Speaker:   Mohamed Saad
  Department of Electrical ad Computer Engineering
  McMaster University, Canada


Title: Design of Optical Networks: Performance Bounds, Complexity and Algorithms

In the first part of my talk I will addresses the problem of routing and wavelength assignment (RWA) in multifiber WDM networks with limited resources. Given a traffic matrix, the number of fibers per link, and the number of wavelengths a fiber can support, we seek to maximize the carried traffic of connections. We formulate the problem as an integer linear program (ILP), and show that the lightpaths selected by this formulation can indeed be established by properly configuring the optical switches. An upper bound on the carried traffic can be computed by solving the linear programming (LP-) relaxation of the ILP formulation. It is shown that this bound can be also computed exactly, and in polynomial-time, by solving a significantly simplified LP which considers only one wavelength. The bound can thus easily scale to an arbitrarily large number of wavelengths. Furthermore, we demonstrate that any instance of the RWA problem is also an instance of the more general maximum coverage problem. This allows us to take a greedy algorithm for maximum coverage and obtain an algorithm which provides solutions for the RWA problem that are guaranteed to be within a factor of (1 - 1/e) of the optimal solution. Each iteration of the greedy algorithm selects a set of lightpaths that realizes, using one wavelength, the maximum number of connection requests not previously realized. Computational results confirm the high efficiency of our proposed algorithm.
Given a combination of unprotected and dedicated edge-disjoint path (1+1) protected connection requests and a finite set of fiber types, we consider, in the second part of the talk, the problem of allocating fibers on the links of a WDM network at minimum cost, such that all connection requests can be simultaneously realized.
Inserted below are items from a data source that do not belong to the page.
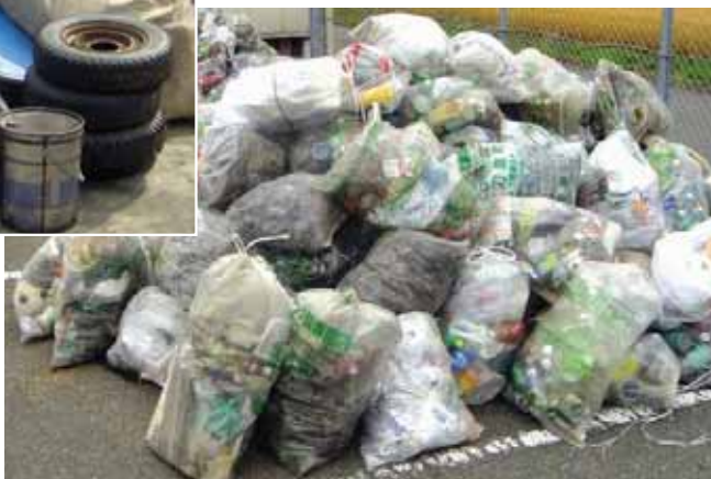
▲ペットボトルだけでも、これだけ捨てられました。
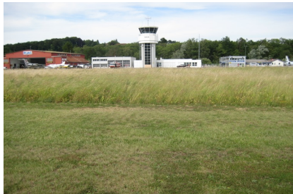
Wenig intensive genutzte Wiese
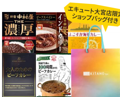
限定80セット レトルトカレーHappy BAG

リニューアルオープンを記念して、お得な商品の販売や試食販売などの企画を実施します。レトルトカレーHappy BAGや、クリスピー・クリーム・ドーナツ限定販売、地元埼玉県の水川ブリュワリーなどご当地メーカーによる試飲販売も実施いたします。
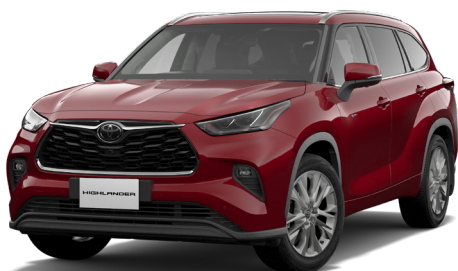
センシユアルレッドマイカ<3T3>*1
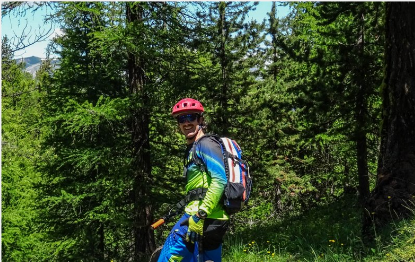
Départ du sentier de descente (M. Buffet)
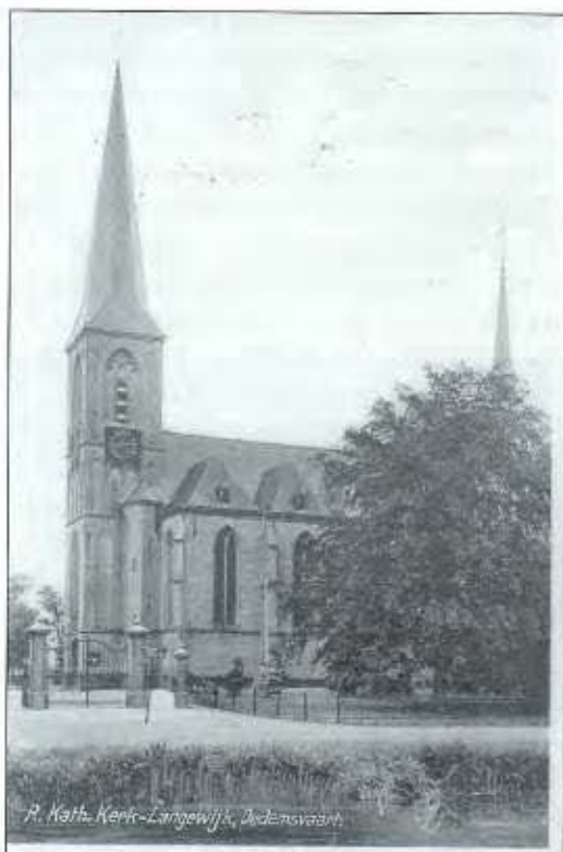
De Roomsche-Katholieke Kerk in Dedemsvaart omstreeks het jaar 1935.

Toen deze in Juni 1927 tot pastoor benoemd werd van
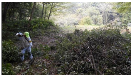
重い丸太は肩に担いで運びました

9 月に伐採し放置してあった樹木の枝などを集積場所に何回も往復して運びました。この日は元八王子で開催された北条氏照祭りに会員 3 名が協力していたこともあり、下草刈り活動はいつもより少ない人数での作業でしたが予定していた作業工程は全て終えることができました。
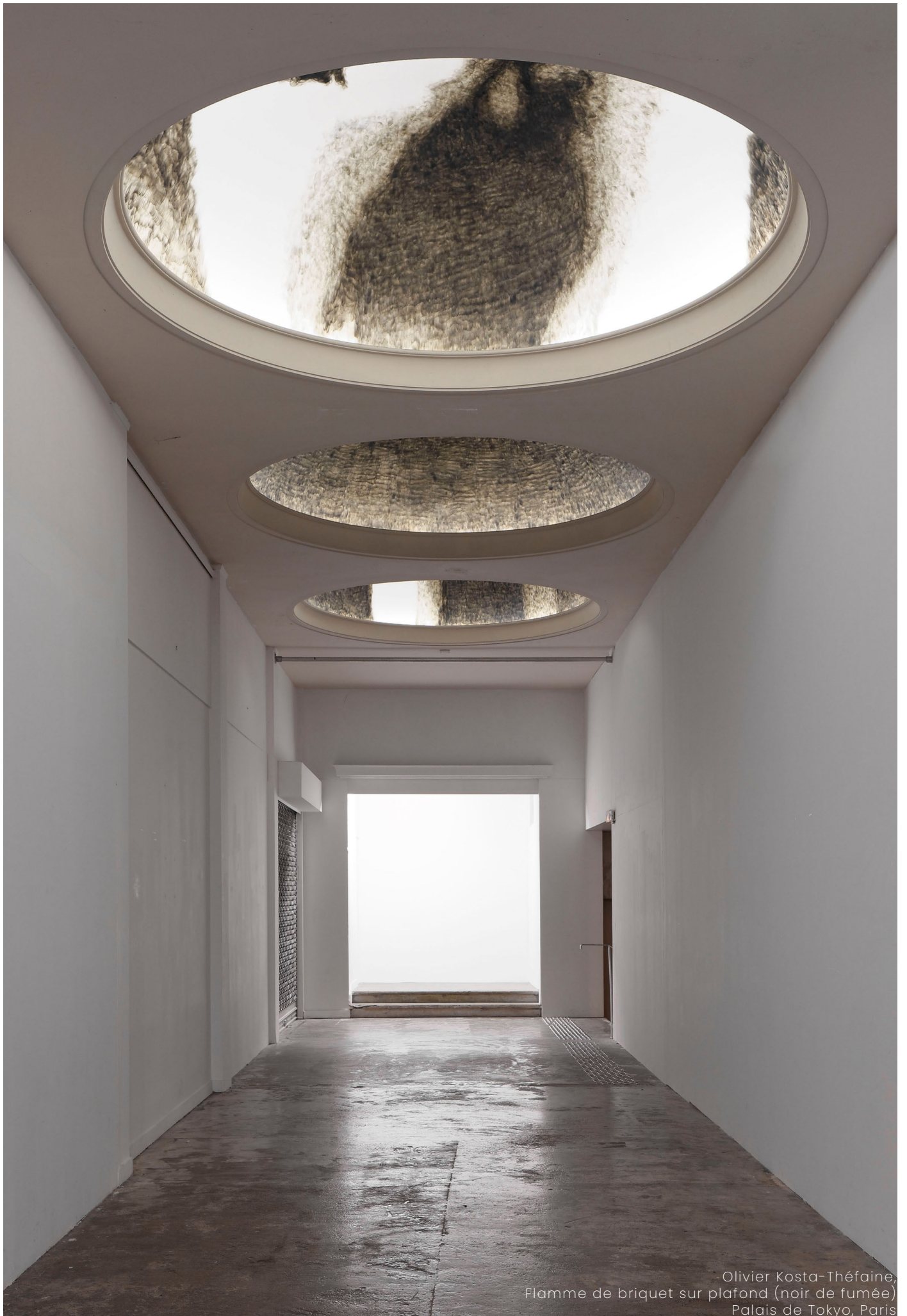
Olivier Kosta-Théfaine, Flamme de briquet sur plafond (noir de fumée) Palais de Tokyo, Paris

Each fiber type is characterized by its capacity and its cost per unit length, where costs reflect an economy of scale. It is known that a solution induced by "simply" routing each unprotected (respectively 1+1 protected) connection along the shortest path (respectively shortest pair of edge-disjoint paths) minimizes the total wavelength mileage, but may not minimize the total fiber cost. In this work, we quantify the increase in fiber cost due to shortest path routing. In particular, we prove that the total cost of a shortest path based solution is guaranteed to lie within a certain factor of the minimum possible cost. This leads also to the fact that shortest path routing is asymptotically cost-optimal for a large total number of connection requests. Furthermore, for some special topologies, e.g., the ring, the ShuffleNet and the mesh(-torus), we show that shortest path routing is asymptotically cost-optimal for a large network size. En route, we prove that by shortest path routing we obtain a provably optimal solution to the linear programming (LP-) relaxation of the problem. We have thus presented a provably good upper bound and a lower bound on the total fiber cost, that can be computed in polynomial-time. These bounds can be used as benchmarks against which exact and heuristic approaches are compared.